Cursor releases Composer 2.5 SDK for Python and TypeScript
Cursor opened a Python and TypeScript SDK for building custom agents on Composer 2.5 and paired the launch with a 90% usage discount for the long weekend. Artificial Analysis data still shows Composer 2.5 leading on cost per task, making the SDK launch an efficiency play for builders.

TL;DR
- cursor_ai's launch post says Cursor SDK now exposes Composer 2.5 in both Python and TypeScript for building custom agents.
- The launch came with a temporary pricing hook: cursor_ai's post and Eric Zakariasson's discount note both say Composer usage in the SDK is 90% off for the long weekend.
- Artificial Analysis' coding agent benchmarks, as summarized by ArtificialAnlys' benchmark post and ArtificialAnlys' model details thread, still place Composer 2.5 near the top on cost per task.
- ArtificialAnlys' model details thread says Composer 2.5 standard is priced at $0.50 per million input tokens and $2.50 per million output tokens, while Fast is $3.00 and $15.00.
- Early user chatter from TheZachMueller's repost and kevinkern's multitask post points to Composer 2.5 being used for long-running docs, planning, and multi-agent task splits, not just single-shot edits.
You can read Cursor's Composer 2.5 launch post, browse the SDK landing page, and jump straight to the Python SDK docs. The other useful reference is Artificial Analysis' coding agent index, which is where the cost-per-task claims in ArtificialAnlys' benchmark post and ArtificialAnlys' detailed thread come from.
SDK surfaces
Cursor kept the SDK announcement tight: custom agents, Composer 2.5, Python, and TypeScript. The official post links directly to the Python docs, while Eric Zakariasson's SDK pointer separately points builders to the SDK package page.
- cursor_ai says the SDK now supports building agents with Composer 2.5.
- The official docs linked from that post land on Python SDK docs.
- Eric Zakariasson's SDK pointer links to the broader SDK page, which gives Cursor a programmatic surface outside the IDE and CLI framing from the original Composer release.
90% off weekend
The real ship vehicle here is pricing. Cursor paired the SDK release with a weekend discount large enough to push experimentation into impulse-buy territory.
Eric Zakariasson's discount note calls out 90% off Composer 2.5 in the SDK, and cursor_ai's launch post repeats the same offer in the official announcement.
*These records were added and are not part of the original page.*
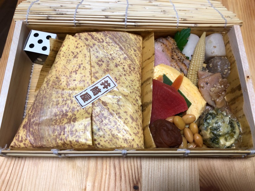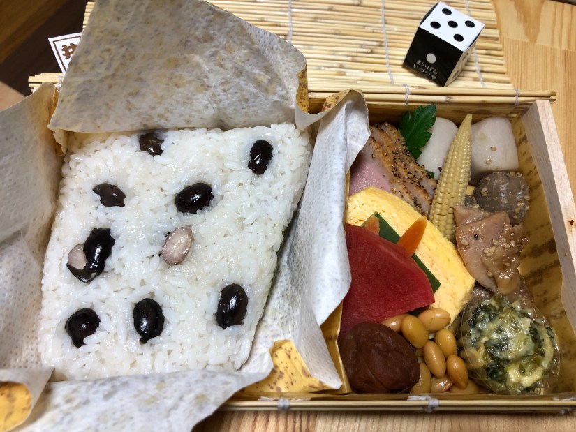 中を開けると竹皮もどきの紙に包まれたご飯とおかずが登場する。サイコロの中はデザート用の飴玉だった。サイコロに合わせてご飯の包みは長方形ではなく台形というのが、これまた芸の細かさだ。おかずは幕の内弁当的定番風なのだが、これがまた実に繊細なものだった。弁当についてくる卵焼きといえば甘いだけの薄っぺらいイメージがあったが、この卵焼きは「だし巻き」で、それも出汁の味がとても強い。首長たっぷりの卵焼きだった。鳥肉の煮物が入っているが、浴びせかけるように「薄切りかも肉」が存在感を示している。そしてなにより感心したのが、大豆の煮物。これも普通の弁当であればちょっと甘すぎな感じの煮豆でお茶を濁すところだろうが、これはなんと小エビと一緒に炊き込んだらしい。エビの味が染み込んでいる。豆の中に小さな赤い物体を見つけてわかったことだ。エビの佃煮みたくなっているが、これは豆と一緒に仕上げたものだろう。実に芸が細かい。
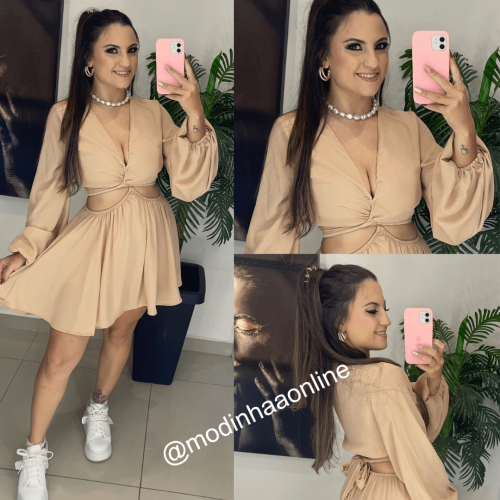 Macaquinho não possui bojo, com amarração no pescoço na parte frontal (conforme imagem) , possui elástico na cintura, possui mangas levemente bufantes onde permite o uso das mangas mais alongadas ou mais curtas, parte do shorts forrada e soltinha, dando mais conforto durante o uso e melhor caimento na peça, comprimento ira variar conforme altura de cada pessoa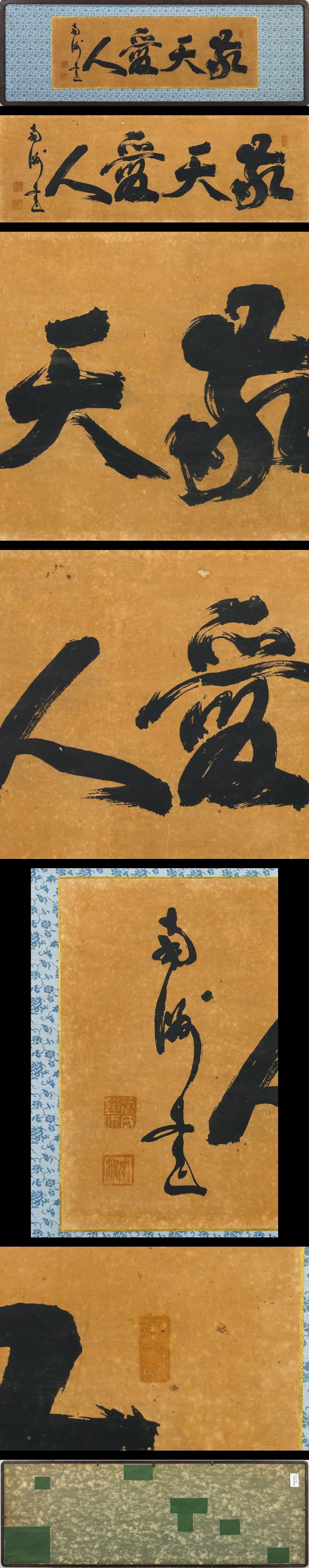 【真作】【WISH】西郷南洲(隆盛)「敬天愛人」書 30号大 大作 横書一行書 〇維新の元勲 討幕派指導者 西南戦争発起人 #26012502 收藏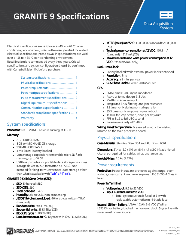SDI-12 (C1, C3, C5, C7): Four independent SDI-12 compliant

That discount matters more because Composer 2.5 was already competing on low cost in Cursor's own stack.
Cost curve
The benchmark backdrop is why the SDK story matters. Cursor is not exposing a prestige model first, it is exposing the cheap one that has been overperforming its price tier.
According to ArtificialAnlys' model details thread, Composer 2.5 scored 62 on the Coding Agent Index, up from 48 for Composer 2. The same thread says standard Composer 2.5 costs about $0.07 per task, Fast costs about $0.44, and both sit well below the higher-effort Opus 4.7 and GPT-5.5 configurations above them.
ArtificialAnlys' benchmark post adds that Composer 2.5 used 1.6 million tokens across its Coding Agent Index runs, versus as much as 5.7 million for other leading models. That is a cleaner explanation for the pricing story than token list price alone.
Fast and standard
Artificial Analysis says Cursor is serving one model in two operating points, and the tradeoff is pretty blunt.
- ArtificialAnlys' Fast versus standard breakdown measured Fast at 6.7 minutes per task versus 9.3 minutes for standard, about 39% faster.
- The same post says Fast costs about 6x more per task, aligned with a 6x token pricing jump.
- WesRoth's benchmark summary separately notes that Fast is one of the quickest agents tested, but the premium buys responsiveness, not a different base model.
Workflow signals
The most interesting early usage signals are about harness design, not raw evals. People are describing Composer 2.5 as something they hand heavier planning and coordination work to.
kevinkern's multitask post describes using Cursor's /multitask mode to send different models to different tasks and track plan history through plandb, with verify loops added when a task fails. Separately, TheZachMueller's repost says Composer 2.5 is already landing for heavy work on docs, configs, skills, plans, and prompts, which is a more specific early usage pattern than the benchmark charts show.